Gabbert remained Brady's backup in 2022 and made his only appearance of the season in Week 18 against the Falcons. Gabbert completed six passes for 29 yards and a touchdown to Russell Gage.

===Kansas City Chiefs===
Gabbert signed with the Chiefs on April 19, 2023. He started the regular season finale against the Los Angeles Chargers after the Chiefs elected to rest Patrick Mahomes. In his first start since 2018, Gabbert completed 15 of 30 passes for 154 yards and an interception to go along with 46 rushing yards during the narrow 13–12 victory.
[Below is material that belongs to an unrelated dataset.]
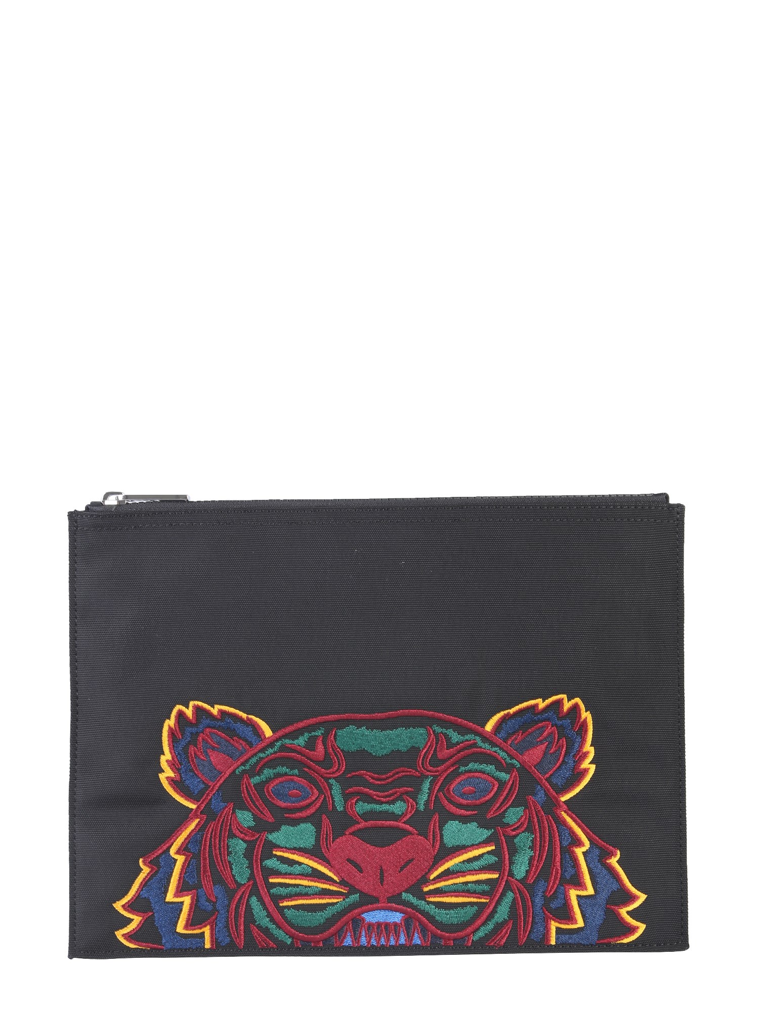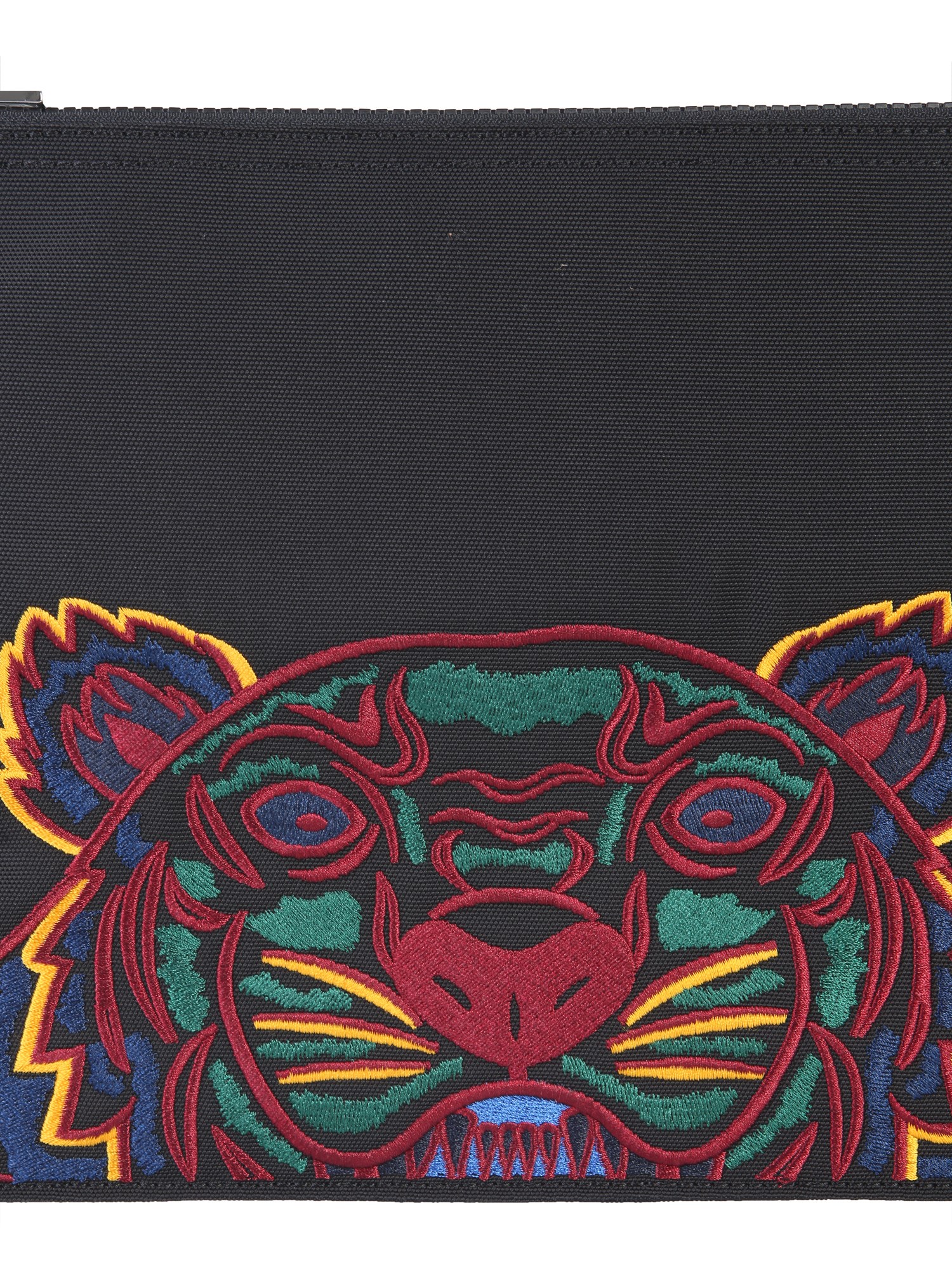 Move around with all your stuff and belongings stored securely in this large pouch by Kenzo. The pouch comes with an embroidered front that goes well with its polyester and nylon surface. It has a zip closure and lined interior that provide a safe storage space for your essentials.

He won his second Super Bowl when the Chiefs defeated his former team, the San Francisco 49ers, 25–22 in overtime during Super Bowl LVIII. His contract expired on March 13, 2024, and he became an unrestricted free agent.

==Career statistics==

===NFL===

Legend
|  | Won the Super Bowl |
| Bold | Career high |

Year: Team; Games; Passing; Rushing; Sacks; Fumbles
GP: GS; Record; Cmp; Att; Pct; Yds; Y/A; Lng; TD; Int; Rtg; Att; Yds; Avg; Lng; TD; Sck; SckY; Fum; Lost
2011: JAX; 15; 14; 4–10; 210; 413; 50.8; 2,214; 5.4; 74; 12; 11; 65.4; 48; 98; 2.0; 12; 0; 40; 293; 14; 5
2012: JAX; 10; 10; 1–9; 162; 278; 58.3; 1,662; 6.0; 80; 9; 6; 77.4; 18; 56; 3.1; 10; 0; 22; 158; 5; 3
2013: JAX; 3; 3; 0–3; 42; 86; 48.8; 481; 5.6; 67; 1; 7; 36.0; 9; 32; 3.6; 7; 0; 12; 67; 2; 0
2014: SF; 1; 0; —; 3; 7; 42.9; 38; 5.4; 20; 1; 0; 100.0; 1; 5; 5.0; 5; 0; 0; 0; 0; 0
2015: SF; 8; 8; 3–5; 178; 282; 63.1; 2,031; 7.2; 71; 10; 7; 86.2; 32; 185; 5.8; 44; 1; 25; 164; 4; 1
2016: SF; 6; 5; 1–4; 91; 160; 59.6; 925; 5.8; 75; 5; 6; 68.4; 40; 173; 4.3; 24; 2; 11; 48; 0; 0
2017: ARI; 5; 5; 2–3; 95; 171; 55.6; 1,086; 6.4; 52; 6; 6; 71.9; 22; 82; 3.7; 12; 0; 23; 149; 7; 2
2018: TEN; 8; 3; 2–1; 61; 101; 60.4; 626; 6.2; 35; 4; 4; 74.9; 6; 0; 0.0; 1; 0; 5; 37; 0; 0
2019: TB; 0; 0; —; Did not play due to injury
2020: TB; 4; 0; —; 9; 16; 56.2; 143; 8.9; 35; 2; 0; 125.8; 6; 16; 2.7; 16; 0; 1; 9; 1; 0
2021: TB; 6; 0; —; 7; 11; 63.6; 67; 6.1; 23; 0; 0; 80.5; 9; −7; −0.8; 0; 0; 1; 10; 0; 0
2022: TB; 1; 0; —; 6; 8; 75.0; 29; 3.6; 13; 1; 0; 119.3; 0; 0; 0.0; 0; 0; 0; 0; 0; 0
2023: KC; 2; 1; 1–0; 18; 35; 51.4; 185; 5.3; 37; 0; 3; 31.3; 7; 45; 6.4; 25; 0; 1; 9; 0; 0
Career: 69; 49; 14–35; 882; 1,568; 56.3; 9,487; 6.1; 80; 51; 50; 71.7; 201; 685; 3.4; 44; 3; 141; 942; 33; 11

===College===

| Season | Team | Cmp | Att | Pct | Yds | TD | Int | Rtg |
|---|---|---|---|---|---|---|---|---|
| 2008 | Missouri | 5 | 13 | 38.4 | 43 | 0 | 0 | 66.2 |
| 2009 | Missouri | 262 | 445 | 58.8 | 3,593 | 24 | 9 | 140.5 |
| 2010 | Missouri | 301 | 475 | 63.4 | 3,186 | 16 | 9 | 127.0 |
| Total |  | 568 | 933 | 60.9 | 6,822 | 40 | 18 | 132.6 |

==Personal life==
Gabbert enjoys deep-sea and fly fishing in his free time. He has two brothers. Tyler Gabbert, committed to Nebraska, like Blaine, only to decommit and commit to Missouri. He never played for the Tigers and transferred to UCF. His youngest brother is Brett Gabbert, a quarterback who played for the Miami University RedHawks.

On December 29, 2022, while riding jet skis, the Gabbert brothers helped save four individuals in the water near Davis Islands and Peter O. Knight Airport after an emergency landing of a helicopter. Blaine says he saw what "looked like a crew boat in the water that had broken up in about four pieces and I vaguely remember seeing like two yellow life jackets." The three brothers checked it out and called 911. They helped three people out of the water and onto their jet skis. Arriving Tampa Bay police officers helped the fourth person out of the water. Buccaneers Coach Todd Bowles described the rescue as "outstanding".